== EXERCISE BRIEF ==
With the pictures left out, print exactly the lines below that run from the one containing "Transient and frequency" through the one containing "VGP/Lê Sơn |".

== DATA FOR THIS TASK ==
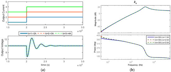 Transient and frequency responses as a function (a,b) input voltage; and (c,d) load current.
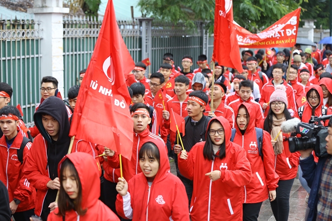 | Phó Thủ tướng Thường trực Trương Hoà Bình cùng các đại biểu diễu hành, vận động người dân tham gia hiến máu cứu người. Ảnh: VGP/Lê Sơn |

--

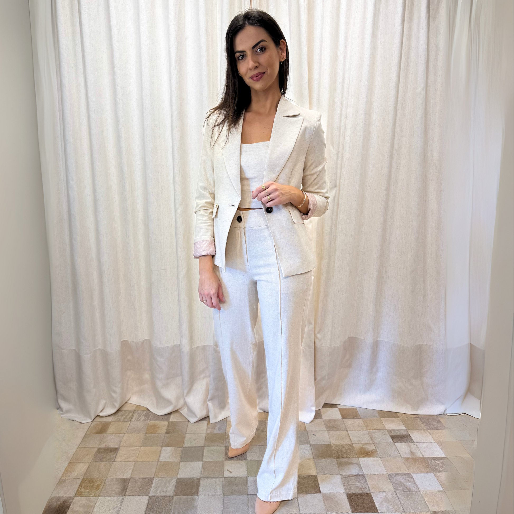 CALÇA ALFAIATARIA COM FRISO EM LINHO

== RESULT ==
 Transient and frequency responses as a function (a,b) input voltage; and (c,d) load current.
 | Phó Thủ tướng Thường trực Trương Hoà Bình cùng các đại biểu diễu hành, vận động người dân tham gia hiến máu cứu người. Ảnh: VGP/Lê Sơn |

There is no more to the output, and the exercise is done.